**What the task requires:** What should you transcribe? Every line from the top of the records below through the line with "Despierta tu lado", exactly, and no pictures.

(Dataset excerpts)
....

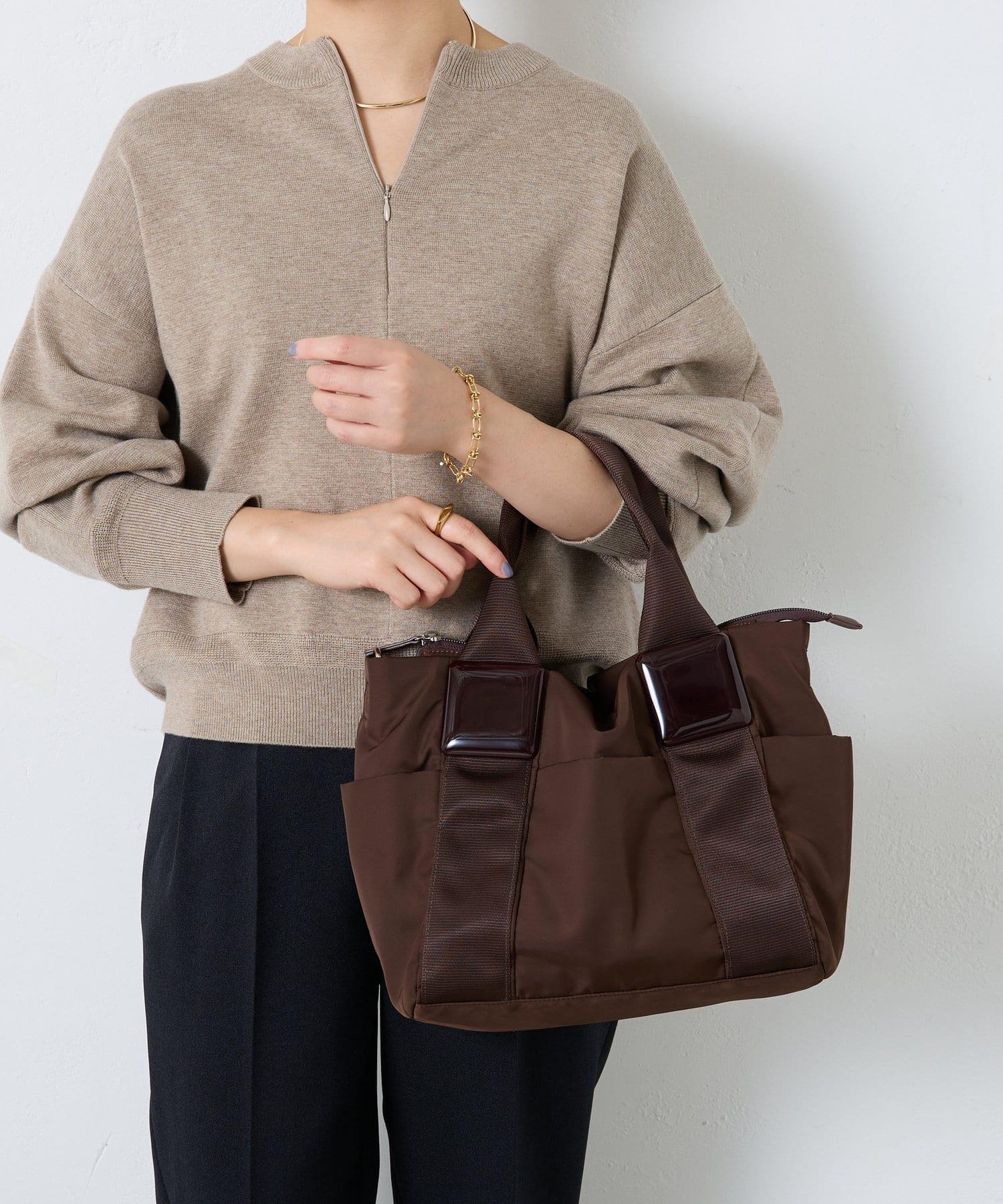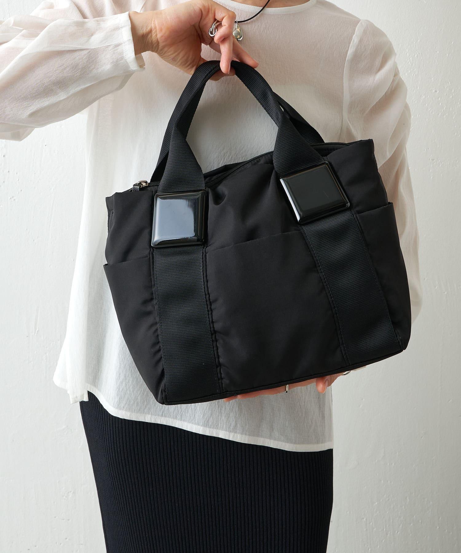 這是一款設計簡潔的手提包,採用了非常受歡迎的 PAPILLONNER 方形樹脂部件。
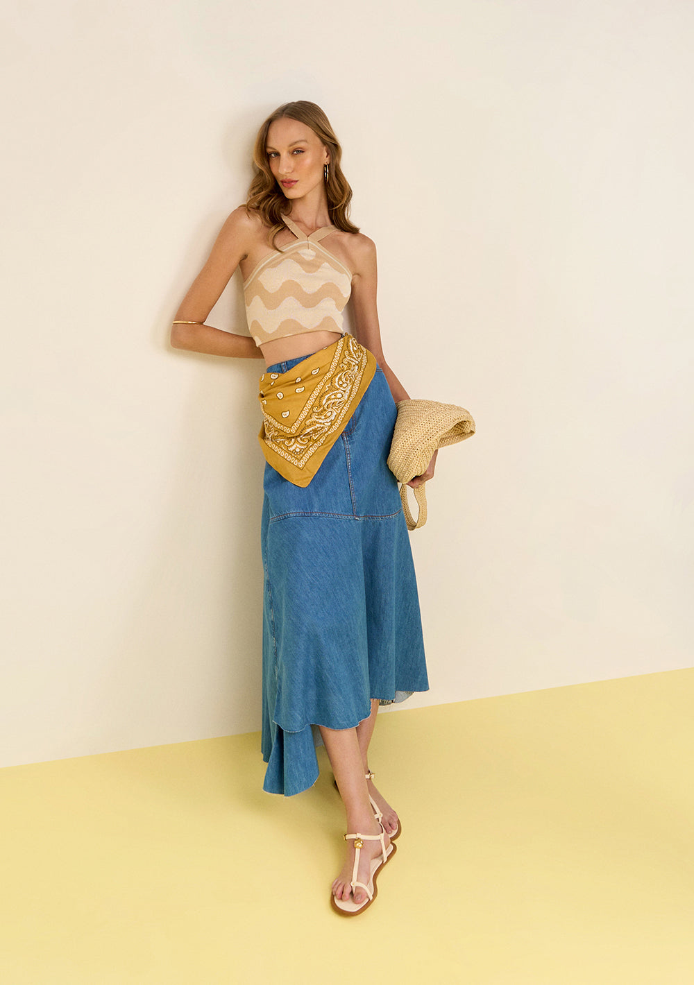 Despierta tu lado auténtico con la falda evasé larga de tiro alto en color azul...
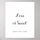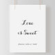 Cette pancarte d'amour de calligraphie moderne Love Is Sweet est parfaite pour un mariage rustique ou une fête prénuptiale. Le design simple et élégant présente une typographie classique et fantaisiste en noir et blanc.
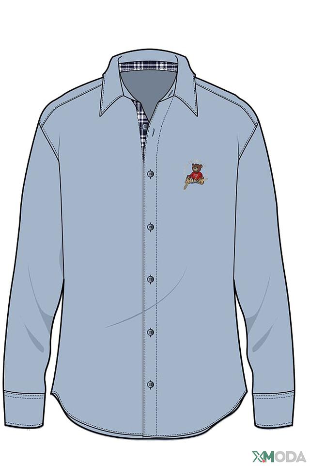 Основным акцентом является яркий принт с изображением милого медвежонка, который придает рубашке игривый и запоминающийся вид. Рубашка имеет классический крой с длинными рукавами и отложным воротником.
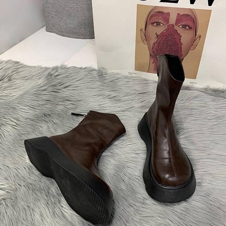 ショートブーツ 5cmヒール 厚底 ラ レディース靴 ブーティ 新登場! ブラック ブラウン 22.5cm 23.0cm 23.5cm 24.0cm 24.5cm
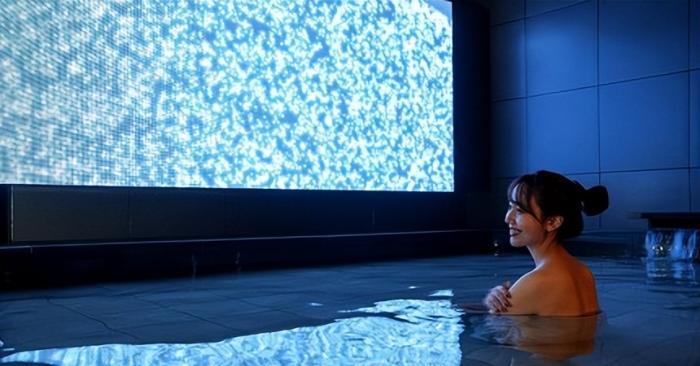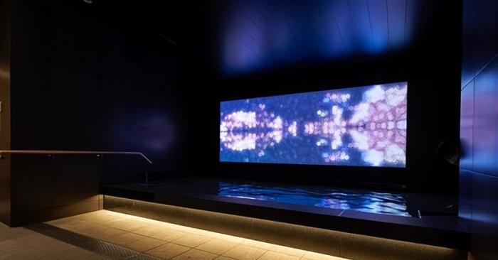 「CROSS Life博多天神」另一大亮點是展現數位藝術的大浴場。不論男女湯皆設有大型LED 螢幕,以「時間變化」為主題,投影光影與色塊,呈現出森林、天空、雲朵、光影、水、生命等主題。僅僅的色塊變化,卻能充分感覺到時光的流逝,泡湯之餘也跟著沉靜下來,讓身心靈能徹底放鬆。女性更衣室內還陳設藝術作品「CITY/ACCURATE」,以木製陰陽雕刻呈現出的凹凸陰影,象徵天神商圈各種建築物密集聚集的意象。另外女湯有蒸汽浴、男湯則有檜木烤箱區可使用。
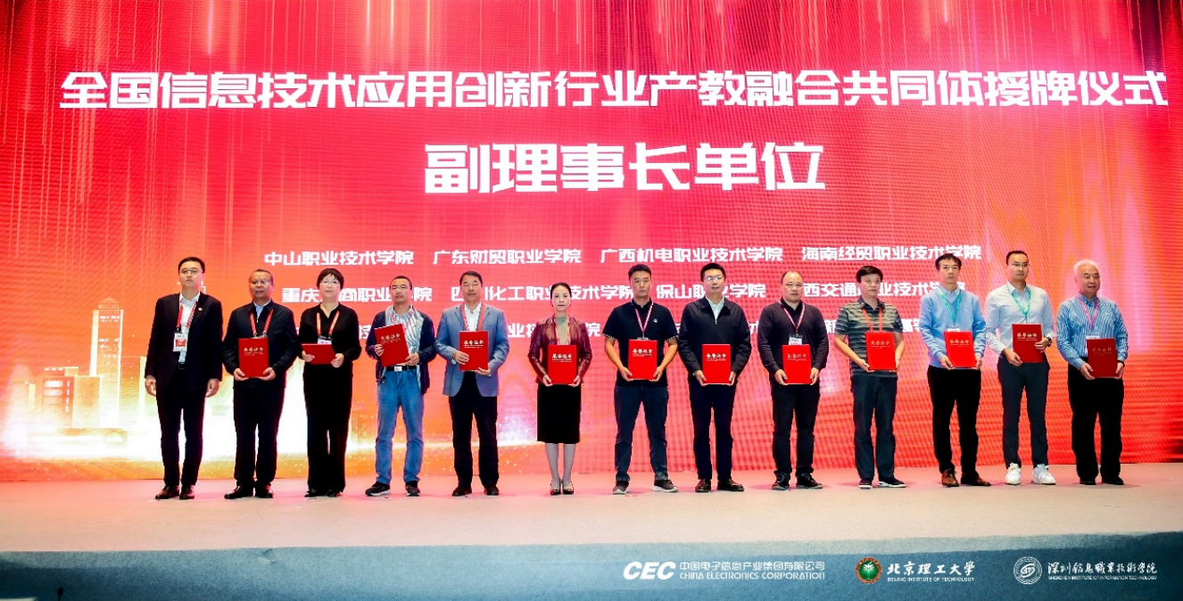 近日,由中国高等教育学会、中国职业技术教育学会、工业和信息化部教育与考试中心指导,中国电子、北京理工大学、深圳信息职业技术学院主办的全国信息技术应用创新行业产教融合共同体(以下简称“共同体”)成立大会在青岛召开。学校党委委员、副院长谢光杰,数字经济学院副院长(主持工作)罗在文受邀参加大会。
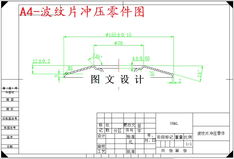 本文介绍了波形片成形工艺制定及模具设计。设计内容包括产品零件工艺分析、模具设计以及主要零件制造工艺的确定等。 此零件结构复杂,需要多道工序完成,基本工序包括落料、锥形拉深、冲孔、翻边、弯曲等。针对此产品件,应明确设计路线,确定设计方案,构思模具结构。首先对产品进行结构和尺寸分析,利用AUTOCAD绘出零件的三向视图,确定尺寸;之后确定优选的工艺方案(落料、锥形拉深、冲孔、翻边、弯曲、修边);然后再进行必要的工艺计算和尺寸计算,利用AUTOCAD完成第一道工序—落料拉深复合模装配图,并绘出各非标零件;然后同样用AUTOCAD完成第二道工序—冲孔模;对其它工序进行分析,确定每道工序的细节工作;最后完成设计。
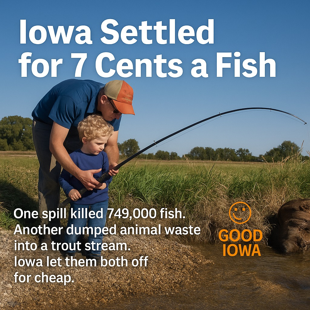 If these companies had been fined the way ordinary Iowans are, the numbers would look very different. At $15 per illegally taken fish—the same amount a resident might pay for exceeding their bag limit—NEW’s penalty would total more than $11.2 million. Agri Star’s discharges, while not tied to a specific fish kill, occurred in a protected trout stream where any significant damage could result in fines, license loss, and even criminal charges for a private citizen.
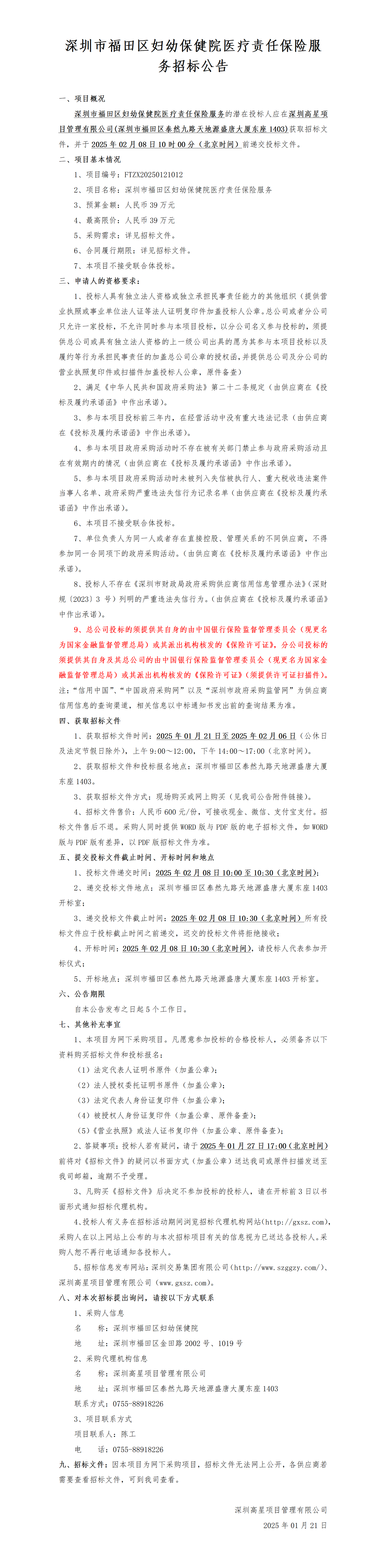 深圳市福田区妇幼保健院医疗责任保险服务招标公告

....

**Exercise answer:**
 這是一款設計簡潔的手提包,採用了非常受歡迎的 PAPILLONNER 方形樹脂部件。
 Despierta tu lado auténtico con la falda evasé larga de tiro alto en color azul...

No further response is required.